A TOTALLY different Vigan was what I experienced recently. Tourists were all over the city especially in the historic Kamestisuhan district of vintage houses and cobbled streets. Shops selling souvenir products were opened on the ground floor of many of those houses.
A little more than 10 years ago, on a food research trip, I was the only soul walking through that same district. Save for a few, the houses were all closed so that the place looked like a ghost town. I was staying at Cordillera Inn, and even if some vehicles went through the main street (today only the kalesas are allowed to traverse there), it was blissfully quiet.
My morning research schedule brought me to the Quema house, the home of Isabelo de los Reyes, founder of the Labor Movement and one of those who established the Philippine Independent Church. The cook and caretaker, Gloria, was my guide through the market and Ilocos food.
On my recent trip, it took me a while to find the Quema house. Each one we asked gave a different address. When we finally found it, the Quema house looked different, and so did the neighboring houses, some converted into hotels.
The door knocker was what I spotted right away, an antique hand that I thought gave the place character.

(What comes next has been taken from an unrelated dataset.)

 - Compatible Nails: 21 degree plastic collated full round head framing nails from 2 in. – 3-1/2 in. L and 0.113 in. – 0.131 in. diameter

Gloria was also there, supervising the cleaning after the house went through remodeling. She didnt look older than when I last worked with her, when Id spend hours observing how she cooked Ilocano food like dinendeng and pakbet.
My afternoon schedule then included going to empanada-makers gathered around the church plaza.

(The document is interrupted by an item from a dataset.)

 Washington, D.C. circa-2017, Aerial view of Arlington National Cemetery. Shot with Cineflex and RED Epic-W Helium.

Now, the empanada-makers have their regular stands, like Irenes Empanada on Salcedo Street. The plaza that day was a busy hive not because of the empanada-makers but because a motorcycle show was ongoing. There were makeshift eateries on one side.
Vigan on a weekend
Progress can be good or bad depending on what you look for. Maybe it was because we were in Vigan on a weekend, at the start of summer, that the place looked entirely different from what I experienced before. There was also a daylong brownout so that the clip-clop of horses hooves on the old district street was drowned out by the sound of generators. Then some of the old houses were sporting bright Mediterranean colors, out of sync with the white exteriors of the traditional houses.
Yet progress also includes projects that not only give tourists a cursory look, but also let them experience the place. One of those is at Arce Mansion where Lito Perez can organize dinner or lunch for tourists who can dress up in period costumes. Its made possible because Perez also owns Camp Suki, a costume shop. Guests will be photographed and the souvenir photo will have that antique sepia-tinted look. Singers will entertain guests as they partake of a five-course meal.
We experienced lunch at Arce Mansion on that last visit. We had pipian, Vigans chicken soup thickened with rice flour, colored with achuete and flavored with pasotes or Mexican epazote. The rest of the courses were family-style roast chicken from the Pamora farms in Abra: bagnet, hamonado, guinataang sigarilyas (winged bean cooked in coconut milk), and bibingka for dessert. Perez said that not all the courses were traditional Ilocano. Some were his familys dishes.